STARsolo Matrix with Velocyto --> Anndata function

[JBreunig]

The scanpy.read_10X_mtx works well for reading in the STARsolo output matrices, which are based on the CellRanger Outputs.

However, it would be nice to have a function or modification of the read_10X_mtx function (e.g. a boolean for STARsolo velocyto) to automate inputting the velocyto matrices that STARsolo outputs and placing them in the appropriate layers. A boolean switch for filtered versus raw matrices would be a good addition as well.

[JBreunig]

Example code: alexdobin/STAR#774 (comment)

[ivirshup]

Thanks for the suggestion.

@WeilerP, do you think this would be more appropriate in scvelo? (Side note, I have thought that tutorial
of going from BAMs through scvelo would be quite useful)

[WeilerP]

@WeilerP, do you think this would be more appropriate in scvelo? (Side note, I have thought that tutorial
of going from BAMs through scvelo would be quite useful)
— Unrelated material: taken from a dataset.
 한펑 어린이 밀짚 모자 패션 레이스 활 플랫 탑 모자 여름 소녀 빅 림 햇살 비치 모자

Hm, not sure if the functionality would match the expectation. In scvelo, we'd store only unspliced and spliced counts (spliced both in adata.X and adata.layers). Based on the proposed code snippet in alexdobin/STAR#774 (comment), the expected output would be to read all of the available information?

[ivirshup]

It doesn't look to me like it's reading in much other than those. Just the obs and var that you'd get from any cell ranger experiment and an ambiguous layer.
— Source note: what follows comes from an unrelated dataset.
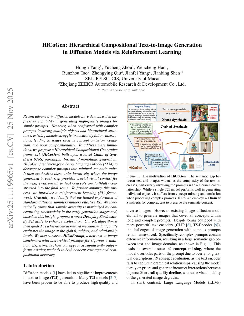 Recent advances in diffusion models have demonstrated impressive capability in generating high-quality images for simple prompts. However, when confronted with complex prompts involving multiple objects and hierarchical structures, existing models struggle to accurately follow instructions, leading to issues such as concept omission, confusion, and poor compositionality. To address these limitations, we propose a Hierarchical Compositional Generative framework (HiCoGen) built upon a novel Chain of Synthesis (CoS) paradigm. Instead of monolithic generation, HiCoGen first leverages a Large Language Model (LLM) to decompose complex prompts into minimal semantic units. It then synthesizes these units iteratively, where the image generated in each step provides crucial visual context for the next, ensuring all textual concepts are faithfully constructed into the final scene. To further optimize this process, we introduce a reinforcement learning (RL) framework. Crucially, we identify that the limited exploration of standard diffusion samplers hinders effective RL. We theoretically prove that sample diversity is maximized by concentrating stochasticity in the early generation stages and, based on this insight, propose a novel Decaying Stochasticity Schedule to enhance exploration. Our RL algorithm is then guided by a hierarchical reward mechanism that jointly evaluates the image at the global, subject, and relationship levels. We also construct HiCoPrompt, a new text-to-image benchmark with hierarchical prompts for rigorous evaluation. Experiments show our approach significantly outperforms existing methods in both concept coverage and compositional accuracy.

What additional things are you concerned about?

[WeilerP]

Yes, agreed, ambiguous isn't really a problem (could be read in optionally via a keyword argument). I was more concerned about adata.X being the original count matrix - unless I am misunderstanding the code snippet ...

[ivirshup]

I was more concerned about adata.X

Ah, yeah I see what you mean. But isn't that fine for scvelo? I guess it wasn't obvious to me from the documentation that X wasn't supposed to be "total" counts.
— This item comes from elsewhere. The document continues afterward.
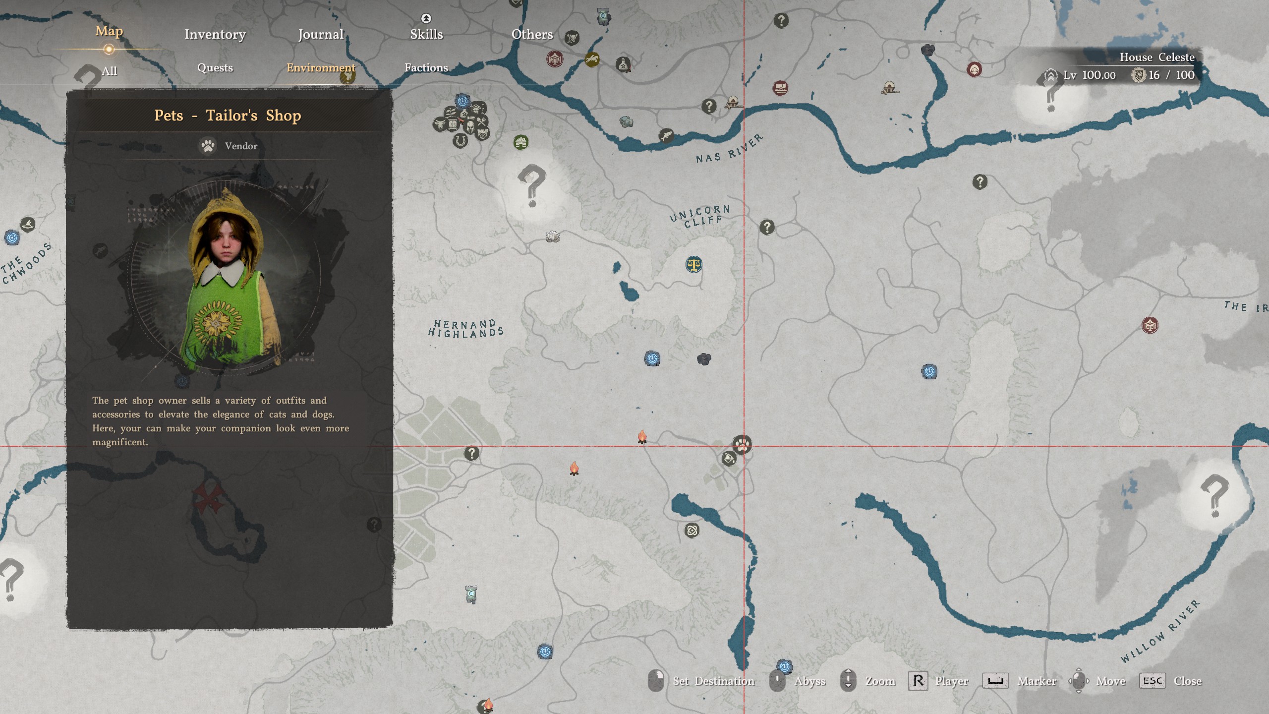 You can also buy armor for your pets in Crimson Desert. Once you unlock the ability to enter Florindale without getting sleep-darted by the forest guardians, you can find a pet tailor at the location above—presumably there are other pet tailors throughout the world, too, though I haven't found any yet. Once you've purchased your pet armor, you can equip it by:

Also it looks like the output formats may not be documented or finalized. It might be worth reaching out to the devs to see what's up before anything is implemented.

[JBreunig]

Just from an end user perspective, I hadn't recognized spliced is put into adata.X and it seems that the other STARsolo users in the original thread didn't either. For my edification, would it cause any problems for me to modify the code to put spiced into adata.X or am I missing something else?

[WeilerP]

@ivirshup, @JBreunig using the absolute counts isn't a problem per se. It's simply that the scvelo paper used the spliced counts in adata.X based on which the highly variable genes are selected and PCA, neighbor graph and UMAP embedding are calculated.
@JBreunig, shouldn't be a problem to put spliced into adata.X as the dimensions of spliced and total counts are the same.